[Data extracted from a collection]
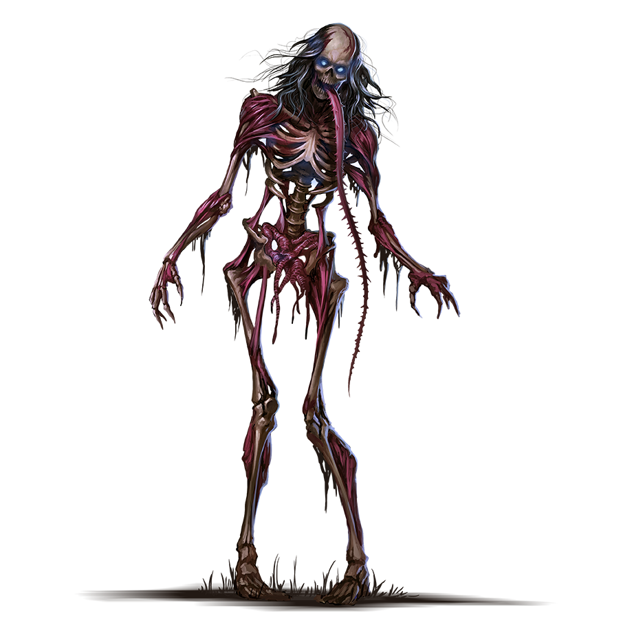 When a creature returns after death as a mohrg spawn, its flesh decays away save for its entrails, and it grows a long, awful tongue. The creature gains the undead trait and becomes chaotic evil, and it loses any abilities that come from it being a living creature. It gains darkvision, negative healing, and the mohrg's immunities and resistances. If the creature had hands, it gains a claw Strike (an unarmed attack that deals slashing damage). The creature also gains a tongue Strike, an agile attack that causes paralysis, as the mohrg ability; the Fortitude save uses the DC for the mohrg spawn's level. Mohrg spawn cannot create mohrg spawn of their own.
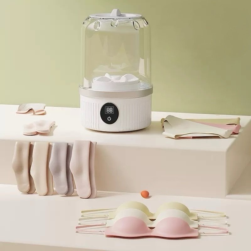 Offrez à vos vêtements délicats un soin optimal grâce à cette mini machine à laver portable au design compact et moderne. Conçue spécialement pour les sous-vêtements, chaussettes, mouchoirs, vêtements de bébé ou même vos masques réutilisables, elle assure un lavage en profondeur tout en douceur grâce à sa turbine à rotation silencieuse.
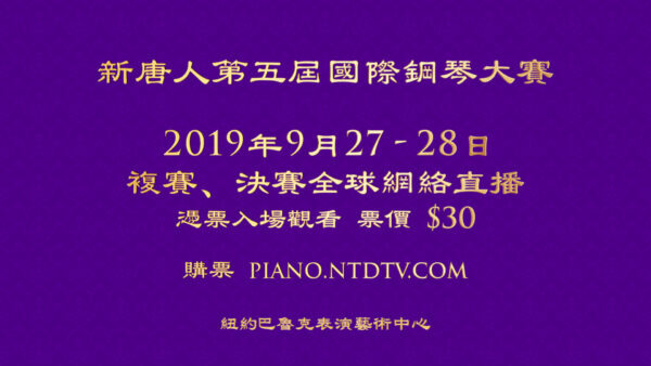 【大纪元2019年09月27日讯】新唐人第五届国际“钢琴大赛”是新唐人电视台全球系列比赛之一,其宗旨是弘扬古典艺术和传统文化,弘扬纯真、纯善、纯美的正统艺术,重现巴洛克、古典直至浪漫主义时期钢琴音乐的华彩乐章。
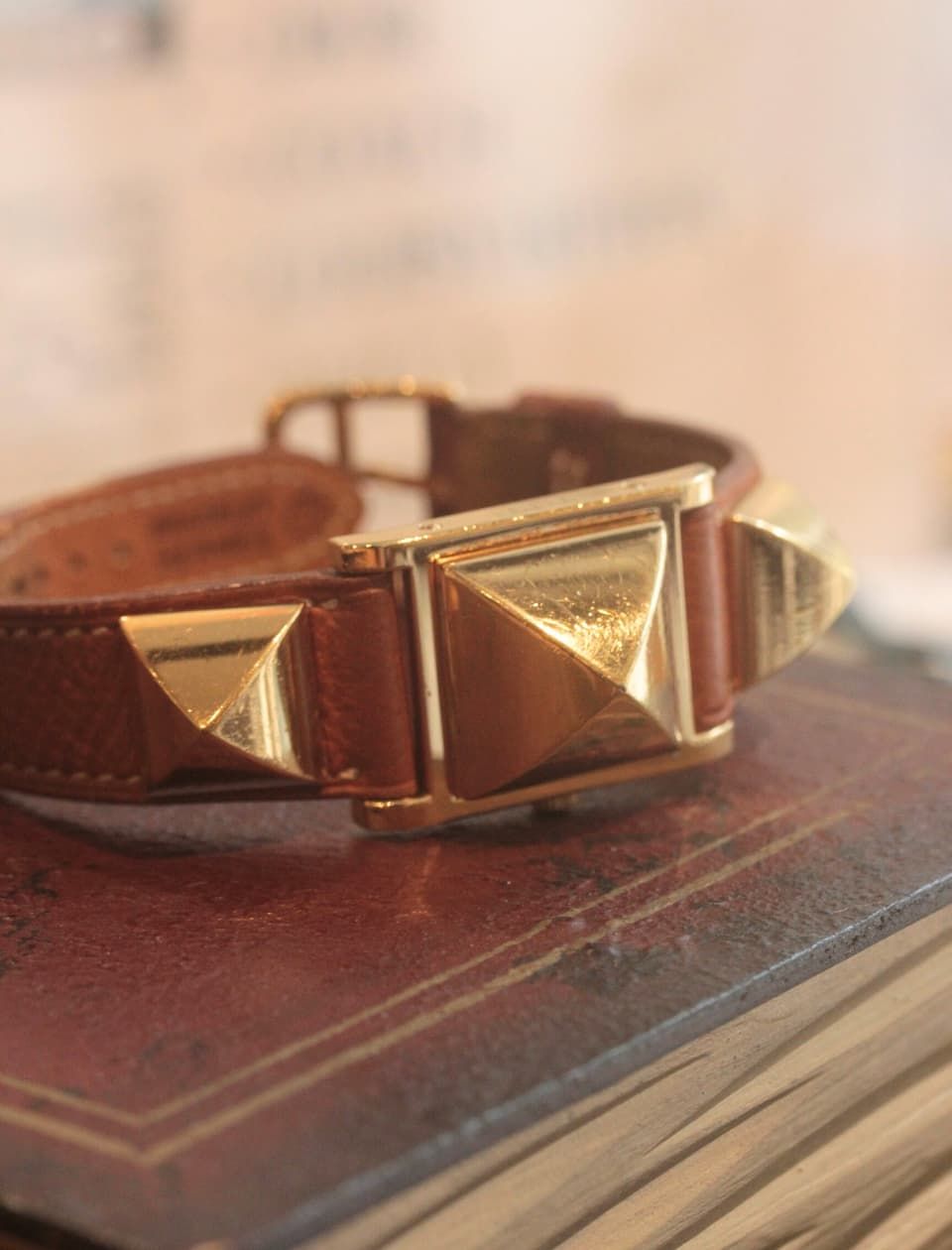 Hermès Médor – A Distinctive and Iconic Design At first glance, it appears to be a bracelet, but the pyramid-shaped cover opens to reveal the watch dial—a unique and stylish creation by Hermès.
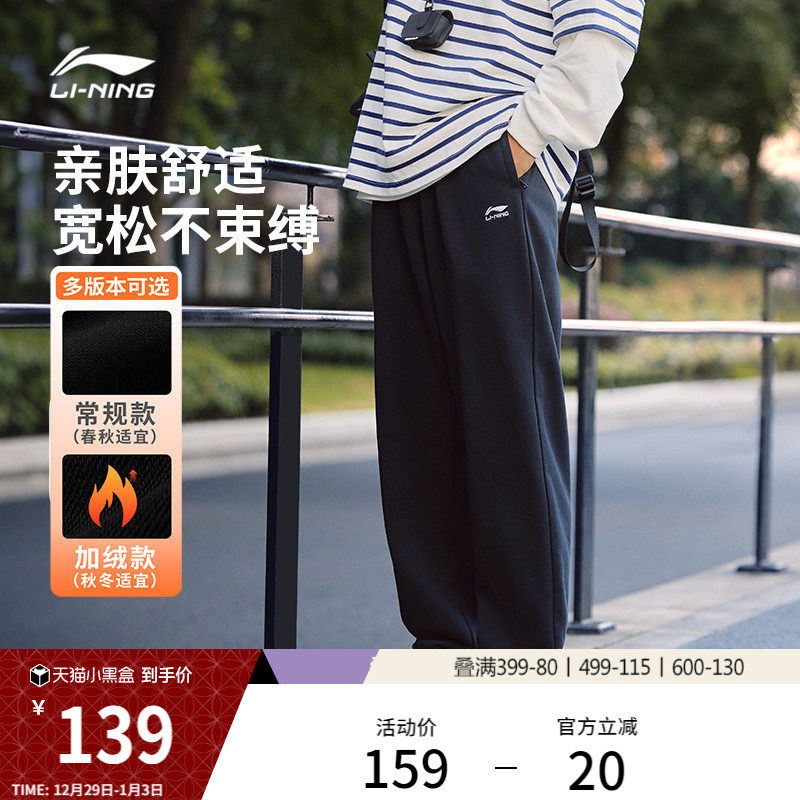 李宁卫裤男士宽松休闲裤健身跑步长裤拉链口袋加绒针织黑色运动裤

## WHAT TO WORK ON
Transcribe exactly the span of lines from the line holding "Offrez à vos" through the last line above, both included. Pictures stay out.

## FINAL ANSWER
 Offrez à vos vêtements délicats un soin optimal grâce à cette mini machine à laver portable au design compact et moderne. Conçue spécialement pour les sous-vêtements, chaussettes, mouchoirs, vêtements de bébé ou même vos masques réutilisables, elle assure un lavage en profondeur tout en douceur grâce à sa turbine à rotation silencieuse.
 【大纪元2019年09月27日讯】新唐人第五届国际“钢琴大赛”是新唐人电视台全球系列比赛之一,其宗旨是弘扬古典艺术和传统文化,弘扬纯真、纯善、纯美的正统艺术,重现巴洛克、古典直至浪漫主义时期钢琴音乐的华彩乐章。
 Hermès Médor – A Distinctive and Iconic Design At first glance, it appears to be a bracelet, but the pyramid-shaped cover opens to reveal the watch dial—a unique and stylish creation by Hermès.
 李宁卫裤男士宽松休闲裤健身跑步长裤拉链口袋加绒针织黑色运动裤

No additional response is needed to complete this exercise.